Will it be a positive detection in the modified sample? Was mu_mod/mu_unmod computed with reads from both conditions? By differential modification rate, do you mean modification rate differ between conditions/samples? In your paper, it seems reads from both conditions/samples were mixed. Right? Was t-test (up to choice from program flags) also done with comparing modification rates between conditions/samples?

Thanks very much!

ploy-np commented 3 years ago

Hi @lingolingolin,

Based on the two criteria you gave (z-score and pval), it should be a positive detection. Another criteria you can use to filtering only a single type of modification is to use mod_assignment. You can count how many sites have the same direction of modified signal (lower or higher). For example, if GGACT has 90% of the sites lower, you can filter those higher GGACT sites out if you are interested in only a single modification type of GGACT i.e. m6A.

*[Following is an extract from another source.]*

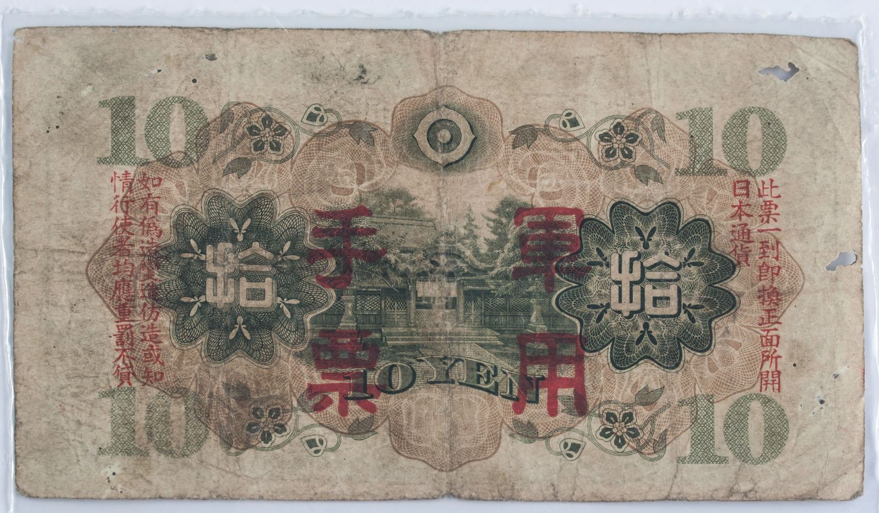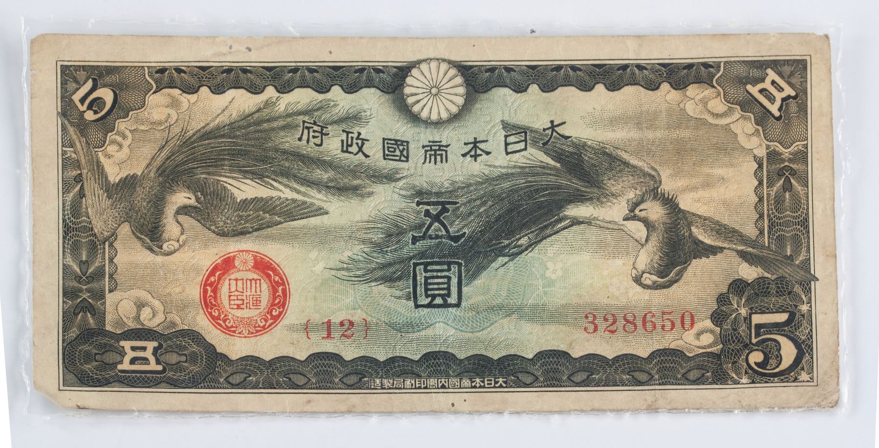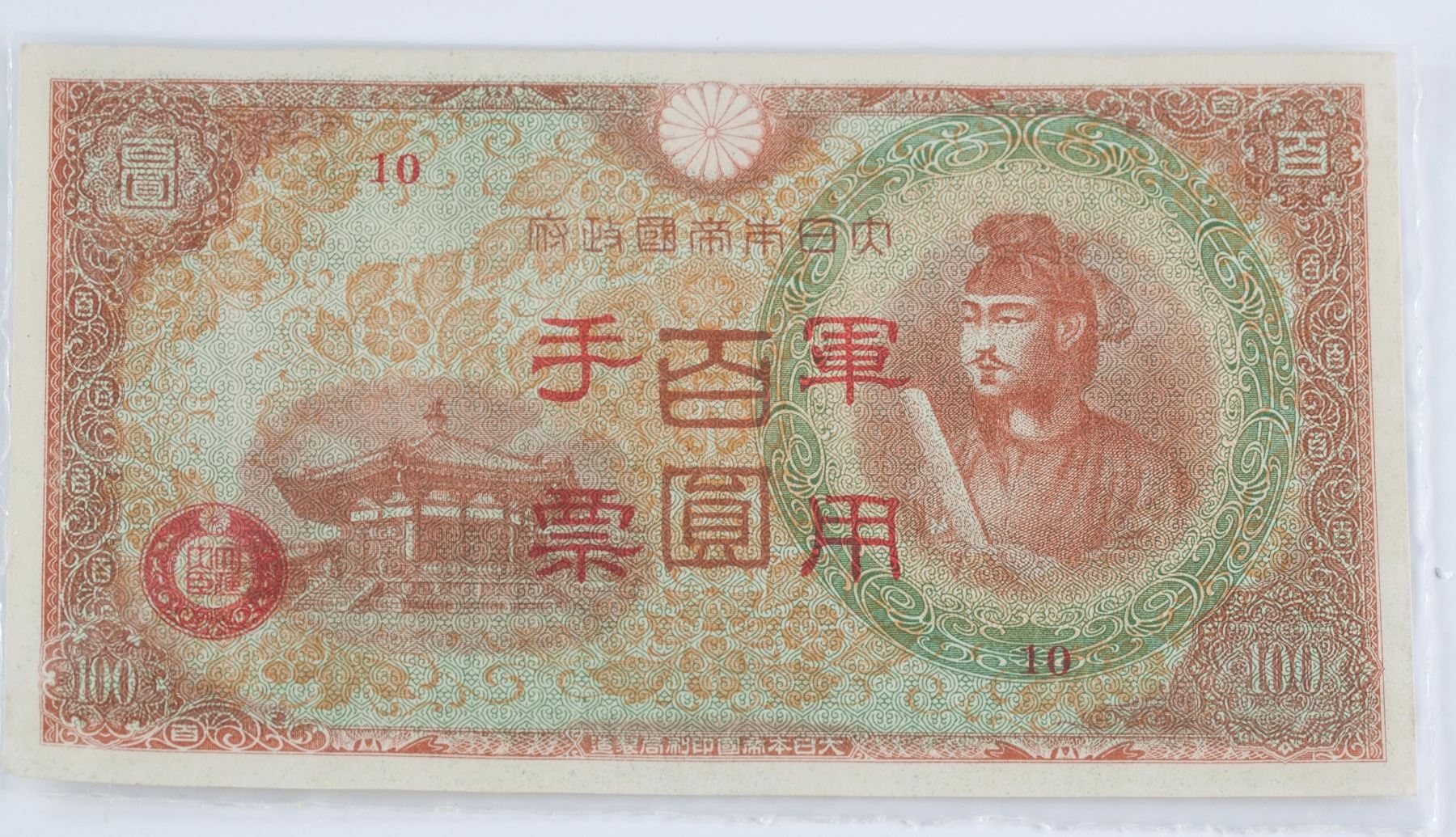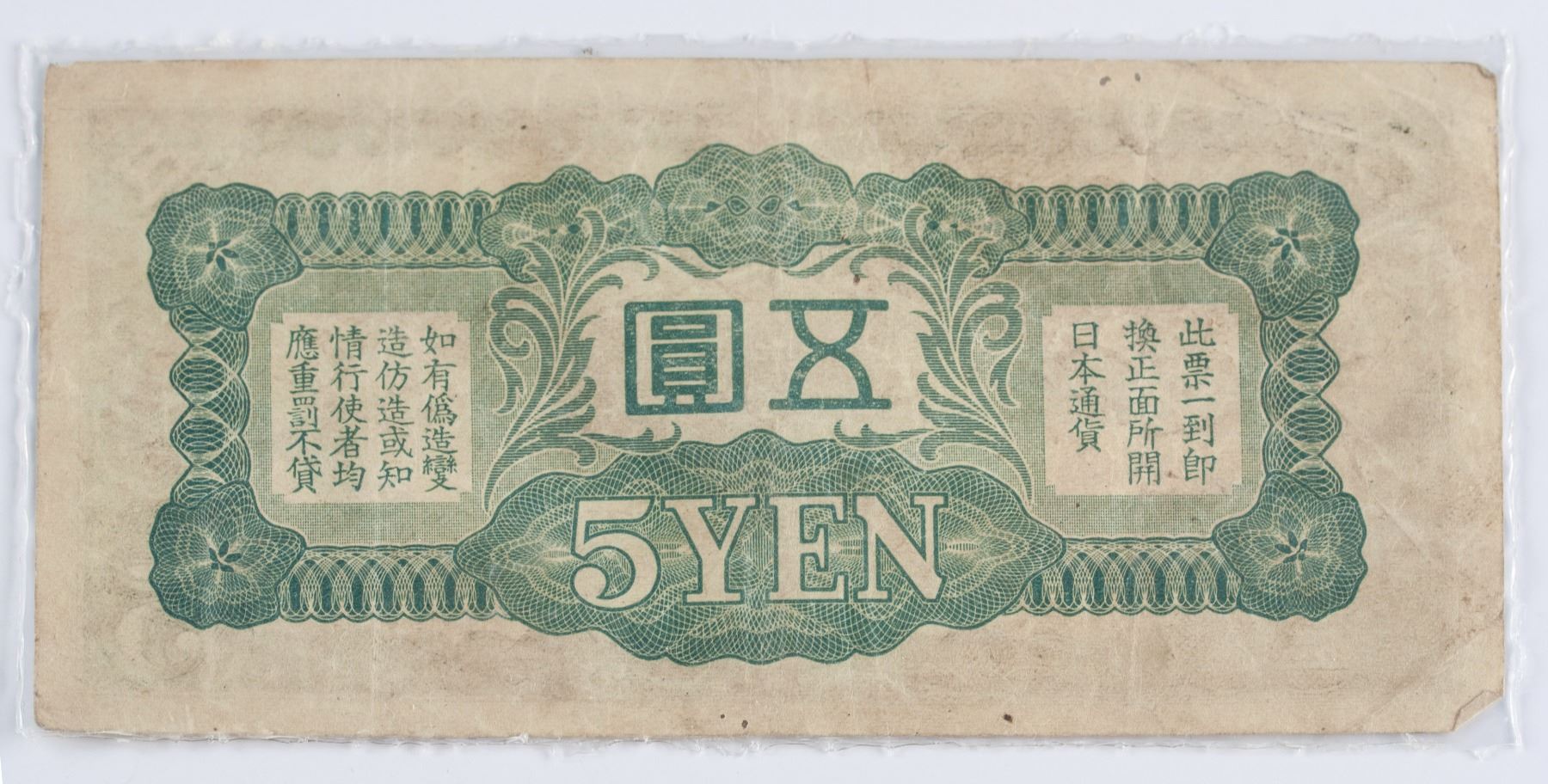 Assortment of five (5) Japanese banknotes; Japanese military yen during World War II; of 1 piece of 5 Yen, 2 pieces of 10 Yen, 1 piece of 50 Yen, 1 piece of 100 Yen; 5.5 cm x 11.5 cm - 8.5 cm x 16.5 cm

You understand the definition of differential modification rate correctly. However, as described in the paper, reads from both conditions/samples are not mixed. It is just xpore infer the unmodified and modified distributions that are mathematically shared among all conditions/samples while inferring sample-specific modification rates.

Which t-test do you mean?

lingolingolin commented 3 years ago

Hi @ploy-np ,

Thanks for your detailed explanation. by t-test, i mean what you have in your demo yml file:

method:
    prefiltering:
        method: t-test
        threshold: 0.1
ploy-np commented 3 years ago

Hi @lingolingolin,

With this config, t-test will be performed at the prefiltering step, that is, xpore will not model those positions where intensity mean between conditions are not different based on the t-test in order to speed up the overall process.

Without this config, xpore will model every position.

Please note that the results in our preprint we applied xpore without this pre-filtering step.

lingolingolin commented 3 years ago

thanks a lot @ploy-np. this is truly helpful.